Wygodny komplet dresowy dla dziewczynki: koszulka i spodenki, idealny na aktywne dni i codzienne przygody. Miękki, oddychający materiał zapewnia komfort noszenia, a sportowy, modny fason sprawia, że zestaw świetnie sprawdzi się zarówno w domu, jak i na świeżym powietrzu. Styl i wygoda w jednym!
——————————
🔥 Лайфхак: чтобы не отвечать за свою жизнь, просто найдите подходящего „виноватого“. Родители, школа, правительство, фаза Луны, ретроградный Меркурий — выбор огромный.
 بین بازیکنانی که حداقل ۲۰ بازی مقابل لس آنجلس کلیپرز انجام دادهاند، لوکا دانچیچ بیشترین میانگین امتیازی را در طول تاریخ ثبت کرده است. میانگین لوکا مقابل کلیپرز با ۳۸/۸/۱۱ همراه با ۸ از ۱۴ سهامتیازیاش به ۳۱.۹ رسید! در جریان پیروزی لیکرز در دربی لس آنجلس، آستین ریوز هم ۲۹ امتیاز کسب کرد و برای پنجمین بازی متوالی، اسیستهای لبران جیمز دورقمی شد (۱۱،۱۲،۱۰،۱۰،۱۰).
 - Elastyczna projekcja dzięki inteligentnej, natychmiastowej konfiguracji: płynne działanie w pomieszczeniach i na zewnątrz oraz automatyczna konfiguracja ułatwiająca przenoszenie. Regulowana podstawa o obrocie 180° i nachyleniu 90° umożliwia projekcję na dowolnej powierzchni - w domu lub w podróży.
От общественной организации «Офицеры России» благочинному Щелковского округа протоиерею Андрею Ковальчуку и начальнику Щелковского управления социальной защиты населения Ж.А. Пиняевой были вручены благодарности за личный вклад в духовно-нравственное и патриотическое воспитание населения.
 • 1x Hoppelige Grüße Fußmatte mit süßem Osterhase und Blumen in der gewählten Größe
——————————
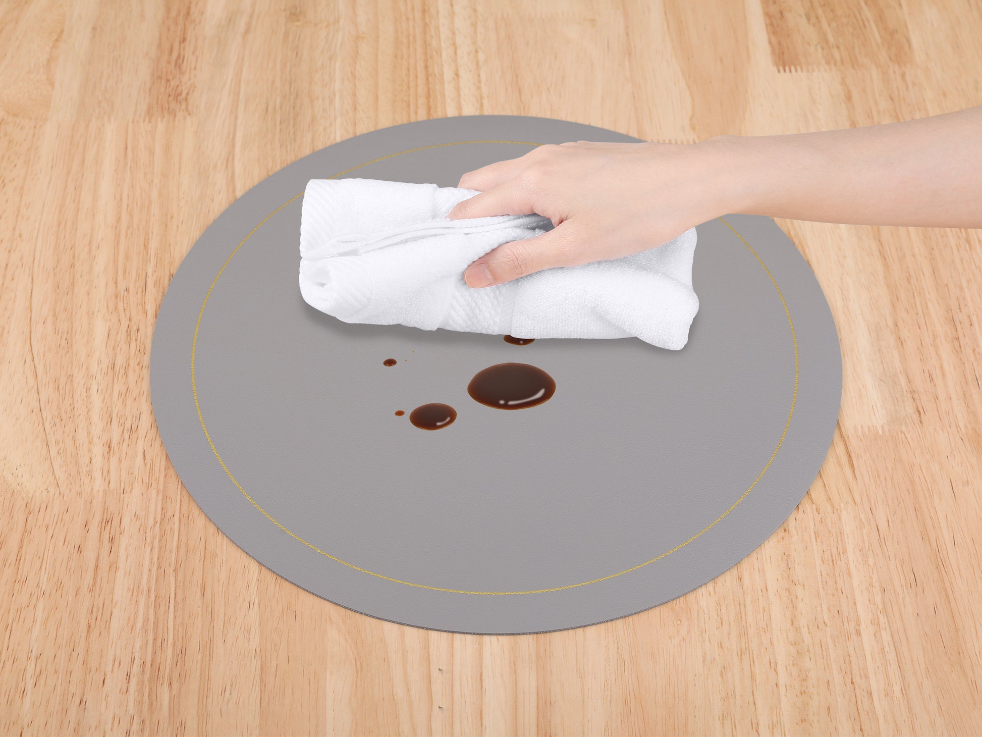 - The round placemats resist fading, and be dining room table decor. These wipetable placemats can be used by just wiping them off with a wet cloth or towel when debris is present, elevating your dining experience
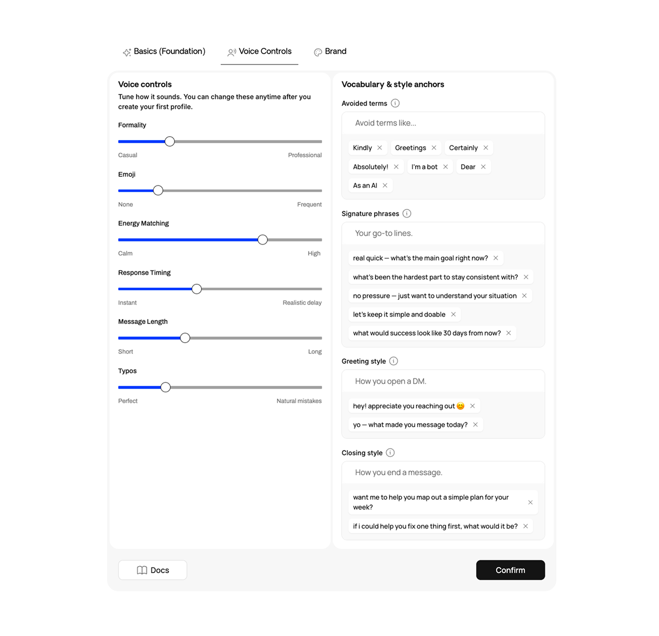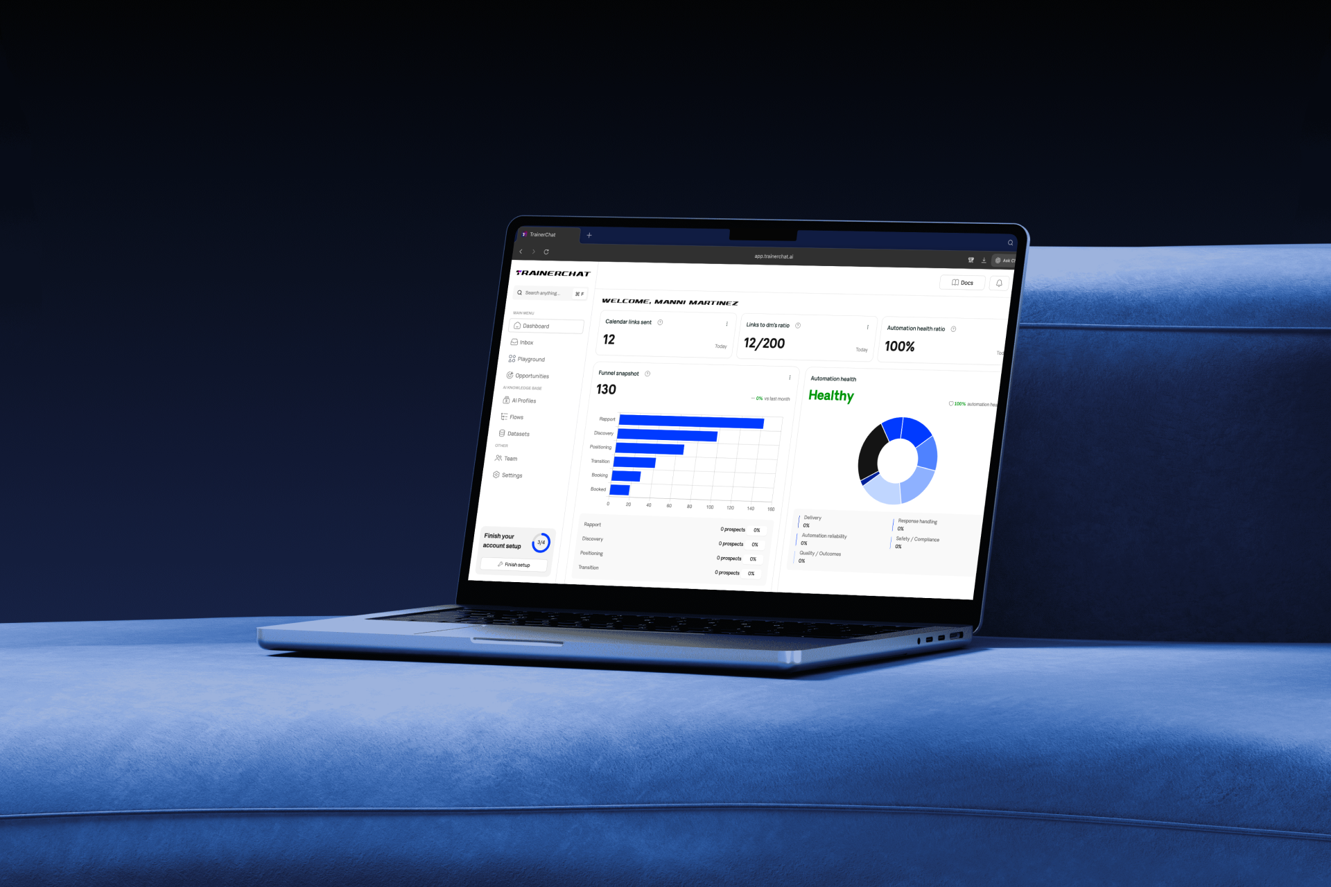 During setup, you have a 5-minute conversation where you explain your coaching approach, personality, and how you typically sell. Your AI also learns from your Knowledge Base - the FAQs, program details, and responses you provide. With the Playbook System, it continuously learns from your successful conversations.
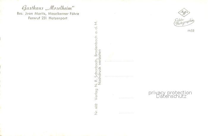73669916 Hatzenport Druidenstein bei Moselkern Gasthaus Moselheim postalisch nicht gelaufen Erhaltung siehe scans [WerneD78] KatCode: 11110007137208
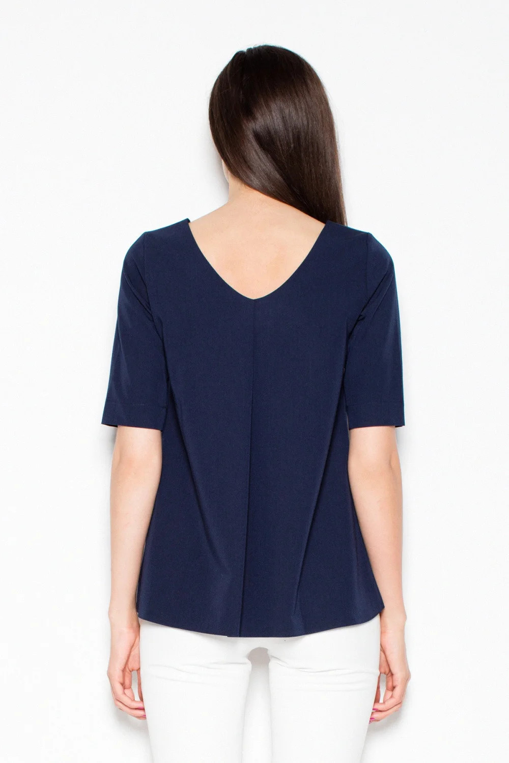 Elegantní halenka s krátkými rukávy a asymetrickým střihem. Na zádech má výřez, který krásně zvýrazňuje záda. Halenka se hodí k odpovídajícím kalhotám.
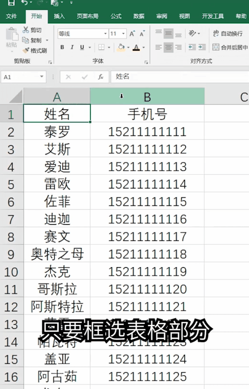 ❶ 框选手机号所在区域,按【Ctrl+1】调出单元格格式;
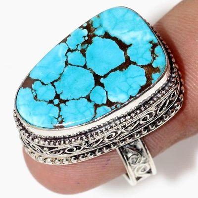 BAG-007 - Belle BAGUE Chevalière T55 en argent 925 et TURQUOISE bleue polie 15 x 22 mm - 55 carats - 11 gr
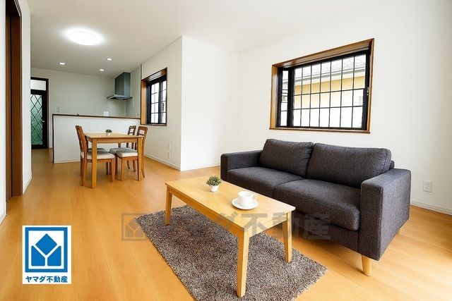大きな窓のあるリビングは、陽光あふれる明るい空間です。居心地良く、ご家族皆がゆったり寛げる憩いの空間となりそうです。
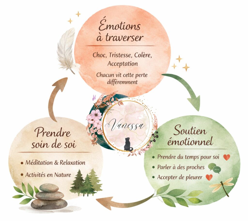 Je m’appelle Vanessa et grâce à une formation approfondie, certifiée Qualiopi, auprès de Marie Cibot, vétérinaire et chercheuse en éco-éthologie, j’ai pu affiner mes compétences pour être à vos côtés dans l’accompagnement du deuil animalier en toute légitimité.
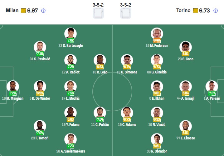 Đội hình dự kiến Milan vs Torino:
——————————
* _WORK REQUEST_: Whenever a line in the listing above includes the word "domu", return that line.

* _COMPLETED EXERCISE_:
Wygodny komplet dresowy dla dziewczynki: koszulka i spodenki, idealny na aktywne dni i codzienne przygody. Miękki, oddychający materiał zapewnia komfort noszenia, a sportowy, modny fason sprawia, że zestaw świetnie sprawdzi się zarówno w domu, jak i na świeżym powietrzu. Styl i wygoda w jednym!
 - Elastyczna projekcja dzięki inteligentnej, natychmiastowej konfiguracji: płynne działanie w pomieszczeniach i na zewnątrz oraz automatyczna konfiguracja ułatwiająca przenoszenie. Regulowana podstawa o obrocie 180° i nachyleniu 90° umożliwia projekcję na dowolnej powierzchni - w domu lub w podróży.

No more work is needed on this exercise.